Task requirements: Copy the data as given. No line may be skipped.

Dataset records Block Start

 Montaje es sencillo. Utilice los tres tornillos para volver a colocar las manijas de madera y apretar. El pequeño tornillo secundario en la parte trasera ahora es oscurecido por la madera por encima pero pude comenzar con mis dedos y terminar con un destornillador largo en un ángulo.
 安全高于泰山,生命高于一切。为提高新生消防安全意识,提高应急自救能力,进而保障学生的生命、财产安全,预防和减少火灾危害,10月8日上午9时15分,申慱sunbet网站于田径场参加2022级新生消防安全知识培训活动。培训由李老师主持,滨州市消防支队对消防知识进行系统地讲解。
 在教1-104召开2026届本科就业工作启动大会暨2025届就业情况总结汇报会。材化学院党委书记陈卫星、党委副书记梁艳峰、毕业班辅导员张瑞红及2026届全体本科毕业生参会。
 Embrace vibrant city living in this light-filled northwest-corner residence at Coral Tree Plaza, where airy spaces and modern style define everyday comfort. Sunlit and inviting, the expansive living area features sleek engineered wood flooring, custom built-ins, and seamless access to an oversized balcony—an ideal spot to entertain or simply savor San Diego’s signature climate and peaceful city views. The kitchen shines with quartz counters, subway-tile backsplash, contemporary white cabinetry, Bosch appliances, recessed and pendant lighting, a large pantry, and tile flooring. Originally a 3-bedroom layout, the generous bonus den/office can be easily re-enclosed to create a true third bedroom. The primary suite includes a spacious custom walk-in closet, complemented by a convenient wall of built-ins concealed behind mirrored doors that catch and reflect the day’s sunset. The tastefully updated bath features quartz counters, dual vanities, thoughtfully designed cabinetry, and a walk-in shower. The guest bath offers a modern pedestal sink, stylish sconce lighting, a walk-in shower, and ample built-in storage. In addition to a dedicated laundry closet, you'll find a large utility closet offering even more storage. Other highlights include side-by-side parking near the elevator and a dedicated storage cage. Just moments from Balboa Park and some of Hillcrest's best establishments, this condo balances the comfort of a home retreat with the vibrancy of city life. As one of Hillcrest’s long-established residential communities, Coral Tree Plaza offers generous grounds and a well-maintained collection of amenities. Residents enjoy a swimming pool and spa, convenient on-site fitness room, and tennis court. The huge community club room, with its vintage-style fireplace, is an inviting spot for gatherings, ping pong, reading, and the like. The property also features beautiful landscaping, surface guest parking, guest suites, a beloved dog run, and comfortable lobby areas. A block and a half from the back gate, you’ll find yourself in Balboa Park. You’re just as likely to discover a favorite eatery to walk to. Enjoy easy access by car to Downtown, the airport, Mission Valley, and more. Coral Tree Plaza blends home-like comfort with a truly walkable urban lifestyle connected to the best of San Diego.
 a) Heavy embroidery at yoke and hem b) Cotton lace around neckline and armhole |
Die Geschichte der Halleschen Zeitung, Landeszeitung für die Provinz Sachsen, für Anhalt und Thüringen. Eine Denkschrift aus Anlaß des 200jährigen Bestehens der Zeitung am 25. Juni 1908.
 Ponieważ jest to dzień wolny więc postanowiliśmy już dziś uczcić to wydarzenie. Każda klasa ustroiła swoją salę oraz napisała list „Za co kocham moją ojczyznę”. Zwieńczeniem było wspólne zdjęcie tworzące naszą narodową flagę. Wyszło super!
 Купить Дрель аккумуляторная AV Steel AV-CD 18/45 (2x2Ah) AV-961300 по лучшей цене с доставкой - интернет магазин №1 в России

Dataset records Block End

Solved problem:
 Montaje es sencillo. Utilice los tres tornillos para volver a colocar las manijas de madera y apretar. El pequeño tornillo secundario en la parte trasera ahora es oscurecido por la madera por encima pero pude comenzar con mis dedos y terminar con un destornillador largo en un ángulo.
 安全高于泰山,生命高于一切。为提高新生消防安全意识,提高应急自救能力,进而保障学生的生命、财产安全,预防和减少火灾危害,10月8日上午9时15分,申慱sunbet网站于田径场参加2022级新生消防安全知识培训活动。培训由李老师主持,滨州市消防支队对消防知识进行系统地讲解。
 在教1-104召开2026届本科就业工作启动大会暨2025届就业情况总结汇报会。材化学院党委书记陈卫星、党委副书记梁艳峰、毕业班辅导员张瑞红及2026届全体本科毕业生参会。
 Embrace vibrant city living in this light-filled northwest-corner residence at Coral Tree Plaza, where airy spaces and modern style define everyday comfort. Sunlit and inviting, the expansive living area features sleek engineered wood flooring, custom built-ins, and seamless access to an oversized balcony—an ideal spot to entertain or simply savor San Diego’s signature climate and peaceful city views. The kitchen shines with quartz counters, subway-tile backsplash, contemporary white cabinetry, Bosch appliances, recessed and pendant lighting, a large pantry, and tile flooring. Originally a 3-bedroom layout, the generous bonus den/office can be easily re-enclosed to create a true third bedroom. The primary suite includes a spacious custom walk-in closet, complemented by a convenient wall of built-ins concealed behind mirrored doors that catch and reflect the day’s sunset. The tastefully updated bath features quartz counters, dual vanities, thoughtfully designed cabinetry, and a walk-in shower. The guest bath offers a modern pedestal sink, stylish sconce lighting, a walk-in shower, and ample built-in storage. In addition to a dedicated laundry closet, you'll find a large utility closet offering even more storage. Other highlights include side-by-side parking near the elevator and a dedicated storage cage. Just moments from Balboa Park and some of Hillcrest's best establishments, this condo balances the comfort of a home retreat with the vibrancy of city life. As one of Hillcrest’s long-established residential communities, Coral Tree Plaza offers generous grounds and a well-maintained collection of amenities. Residents enjoy a swimming pool and spa, convenient on-site fitness room, and tennis court. The huge community club room, with its vintage-style fireplace, is an inviting spot for gatherings, ping pong, reading, and the like. The property also features beautiful landscaping, surface guest parking, guest suites, a beloved dog run, and comfortable lobby areas. A block and a half from the back gate, you’ll find yourself in Balboa Park. You’re just as likely to discover a favorite eatery to walk to. Enjoy easy access by car to Downtown, the airport, Mission Valley, and more. Coral Tree Plaza blends home-like comfort with a truly walkable urban lifestyle connected to the best of San Diego.
 a) Heavy embroidery at yoke and hem b) Cotton lace around neckline and armhole |
Die Geschichte der Halleschen Zeitung, Landeszeitung für die Provinz Sachsen, für Anhalt und Thüringen. Eine Denkschrift aus Anlaß des 200jährigen Bestehens der Zeitung am 25. Juni 1908.
 Ponieważ jest to dzień wolny więc postanowiliśmy już dziś uczcić to wydarzenie. Każda klasa ustroiła swoją salę oraz napisała list „Za co kocham moją ojczyznę”. Zwieńczeniem było wspólne zdjęcie tworzące naszą narodową flagę. Wyszło super!
 Купить Дрель аккумуляторная AV Steel AV-CD 18/45 (2x2Ah) AV-961300 по лучшей цене с доставкой - интернет магазин №1 в России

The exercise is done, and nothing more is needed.